* [Your instructions] What should be copied is the stretch of entries below from the line with "ที่มีรูปปั้นแกะสลักใบหน้า 4 ประธานาธิบดีของสหรัฐอเมริกา" up to and including the line with "I actually had", exactly and without images.

* [Source material]

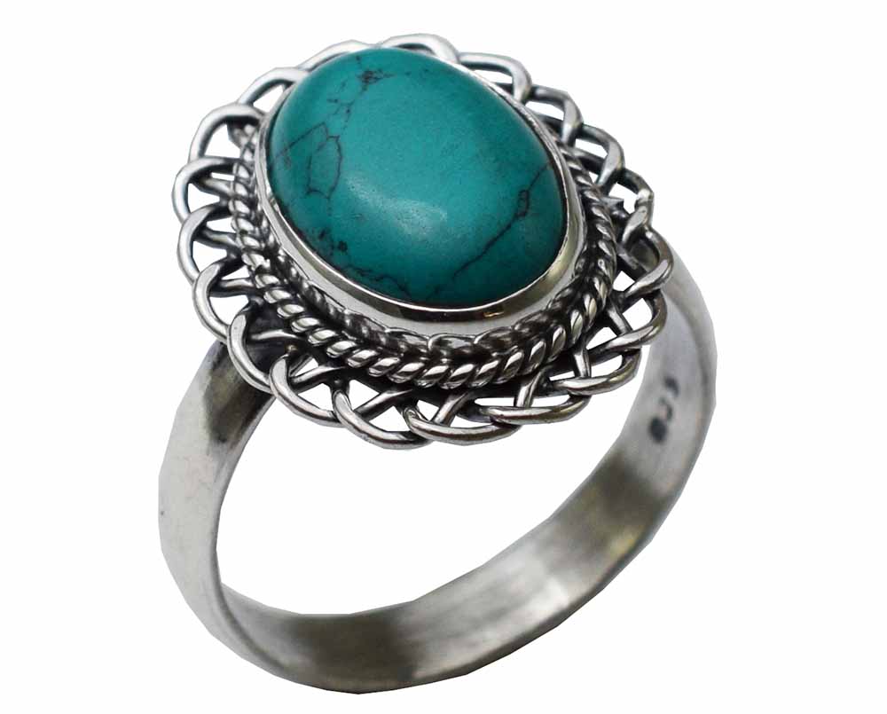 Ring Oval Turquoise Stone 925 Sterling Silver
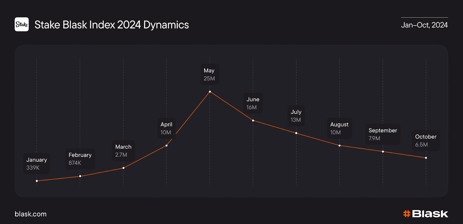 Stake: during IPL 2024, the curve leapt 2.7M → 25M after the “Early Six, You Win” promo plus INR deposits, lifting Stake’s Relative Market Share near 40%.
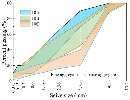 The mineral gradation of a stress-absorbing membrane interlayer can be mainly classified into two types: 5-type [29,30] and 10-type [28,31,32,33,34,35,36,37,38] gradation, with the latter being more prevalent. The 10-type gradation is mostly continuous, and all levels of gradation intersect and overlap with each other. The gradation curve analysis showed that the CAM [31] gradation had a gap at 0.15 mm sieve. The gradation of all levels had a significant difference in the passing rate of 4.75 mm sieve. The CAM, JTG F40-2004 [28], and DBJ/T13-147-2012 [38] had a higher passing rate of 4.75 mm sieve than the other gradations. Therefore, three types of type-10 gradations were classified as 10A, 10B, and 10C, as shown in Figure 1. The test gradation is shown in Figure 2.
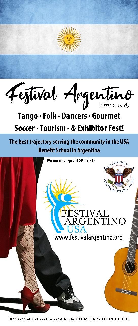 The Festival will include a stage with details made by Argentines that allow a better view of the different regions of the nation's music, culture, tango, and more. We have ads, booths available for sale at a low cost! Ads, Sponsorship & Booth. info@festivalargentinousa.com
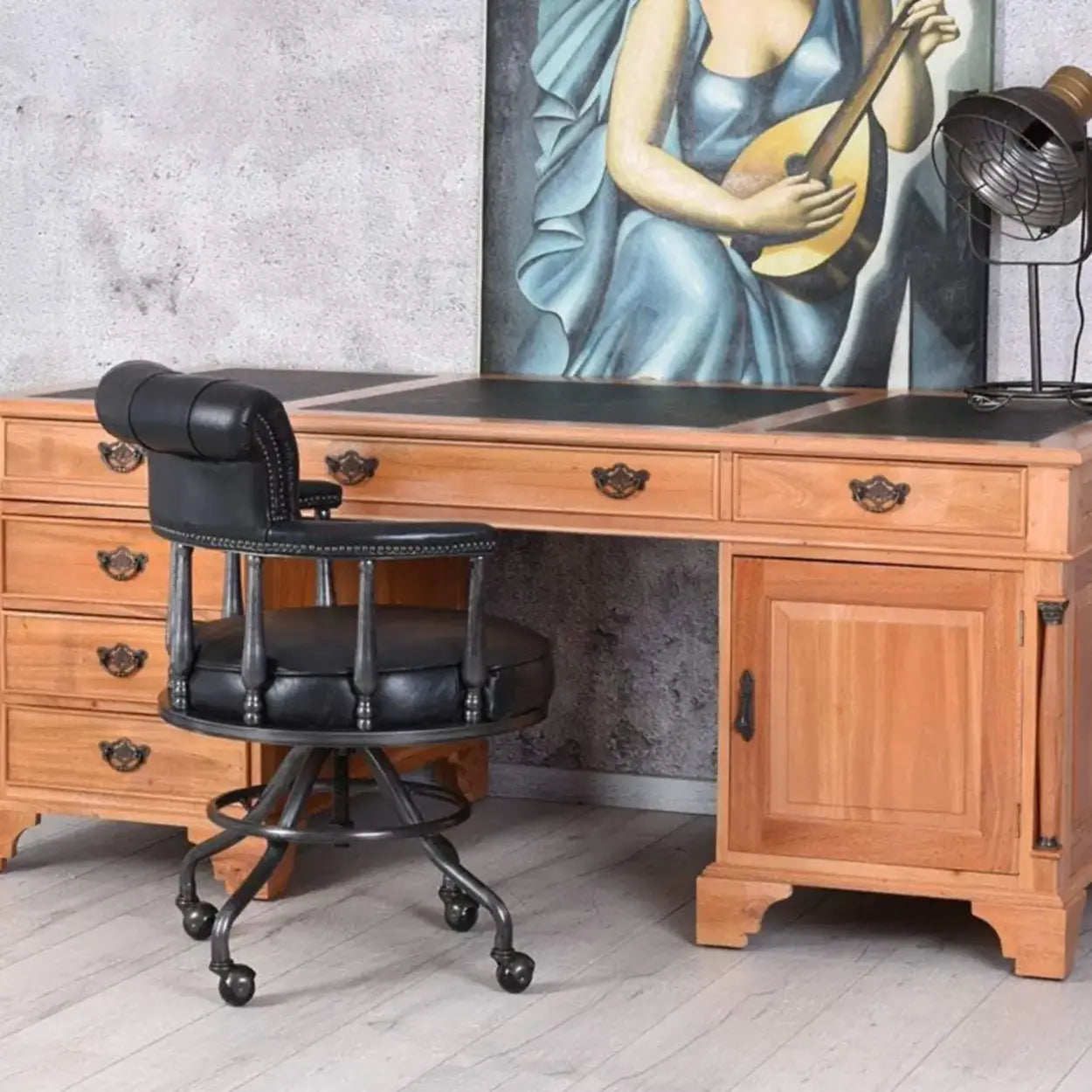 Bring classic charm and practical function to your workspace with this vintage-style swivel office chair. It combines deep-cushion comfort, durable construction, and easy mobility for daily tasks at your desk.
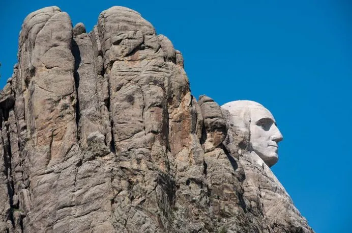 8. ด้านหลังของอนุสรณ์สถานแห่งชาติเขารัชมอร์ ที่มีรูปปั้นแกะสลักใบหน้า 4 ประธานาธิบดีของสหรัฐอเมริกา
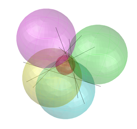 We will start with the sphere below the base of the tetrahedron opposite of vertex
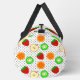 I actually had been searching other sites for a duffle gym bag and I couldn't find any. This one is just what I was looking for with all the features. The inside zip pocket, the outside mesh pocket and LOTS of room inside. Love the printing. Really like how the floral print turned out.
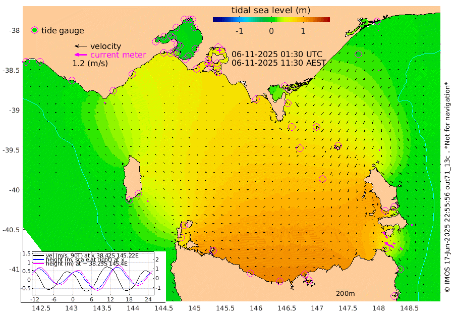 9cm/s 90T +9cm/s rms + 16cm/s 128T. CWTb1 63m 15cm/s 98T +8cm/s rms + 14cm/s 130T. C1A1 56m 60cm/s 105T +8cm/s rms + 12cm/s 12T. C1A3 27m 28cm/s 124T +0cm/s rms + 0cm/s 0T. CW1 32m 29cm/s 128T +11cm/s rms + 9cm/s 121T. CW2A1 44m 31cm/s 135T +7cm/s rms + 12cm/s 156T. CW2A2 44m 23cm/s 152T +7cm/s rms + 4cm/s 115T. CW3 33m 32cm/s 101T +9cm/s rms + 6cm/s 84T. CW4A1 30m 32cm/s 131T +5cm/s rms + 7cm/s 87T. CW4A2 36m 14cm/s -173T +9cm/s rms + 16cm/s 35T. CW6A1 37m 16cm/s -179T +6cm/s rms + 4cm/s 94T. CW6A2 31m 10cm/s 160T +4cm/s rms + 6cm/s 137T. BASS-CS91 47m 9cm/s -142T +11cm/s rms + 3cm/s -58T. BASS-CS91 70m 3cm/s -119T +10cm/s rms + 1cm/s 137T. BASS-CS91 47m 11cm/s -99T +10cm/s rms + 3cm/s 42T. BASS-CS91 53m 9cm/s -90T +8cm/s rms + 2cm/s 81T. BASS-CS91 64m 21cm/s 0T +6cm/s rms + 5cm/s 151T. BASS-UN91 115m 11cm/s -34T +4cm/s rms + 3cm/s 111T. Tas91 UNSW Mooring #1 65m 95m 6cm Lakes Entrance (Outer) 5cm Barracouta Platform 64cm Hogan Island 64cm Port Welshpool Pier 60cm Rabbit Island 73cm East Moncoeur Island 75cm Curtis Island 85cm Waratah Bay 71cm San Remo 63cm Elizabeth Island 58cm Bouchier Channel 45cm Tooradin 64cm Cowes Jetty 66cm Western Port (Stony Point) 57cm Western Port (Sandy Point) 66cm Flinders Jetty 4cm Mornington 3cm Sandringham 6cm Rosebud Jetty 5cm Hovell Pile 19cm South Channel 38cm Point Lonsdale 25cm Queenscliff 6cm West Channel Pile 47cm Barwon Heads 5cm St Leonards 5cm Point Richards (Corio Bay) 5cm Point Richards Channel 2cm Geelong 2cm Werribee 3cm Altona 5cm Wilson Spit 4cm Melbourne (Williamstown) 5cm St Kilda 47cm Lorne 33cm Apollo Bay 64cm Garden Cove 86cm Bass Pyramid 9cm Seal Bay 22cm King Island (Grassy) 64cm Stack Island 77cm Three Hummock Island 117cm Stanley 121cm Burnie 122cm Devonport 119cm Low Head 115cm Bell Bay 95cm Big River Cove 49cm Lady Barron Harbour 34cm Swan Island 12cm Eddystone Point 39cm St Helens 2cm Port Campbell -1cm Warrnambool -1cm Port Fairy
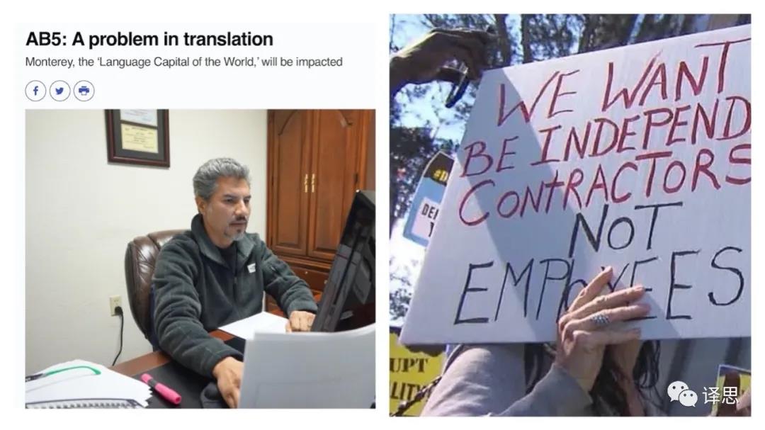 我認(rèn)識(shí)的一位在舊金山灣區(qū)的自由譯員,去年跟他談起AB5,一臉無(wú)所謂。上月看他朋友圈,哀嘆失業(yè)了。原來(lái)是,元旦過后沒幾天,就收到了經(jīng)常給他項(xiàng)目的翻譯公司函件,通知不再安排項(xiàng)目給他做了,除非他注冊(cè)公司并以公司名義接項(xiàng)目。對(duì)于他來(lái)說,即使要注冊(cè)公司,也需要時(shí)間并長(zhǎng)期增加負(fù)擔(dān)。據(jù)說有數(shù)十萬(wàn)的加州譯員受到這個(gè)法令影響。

* [Completed exercise]
 8. ด้านหลังของอนุสรณ์สถานแห่งชาติเขารัชมอร์ ที่มีรูปปั้นแกะสลักใบหน้า 4 ประธานาธิบดีของสหรัฐอเมริกา
 We will start with the sphere below the base of the tetrahedron opposite of vertex
 I actually had been searching other sites for a duffle gym bag and I couldn't find any. This one is just what I was looking for with all the features. The inside zip pocket, the outside mesh pocket and LOTS of room inside. Love the printing. Really like how the floral print turned out.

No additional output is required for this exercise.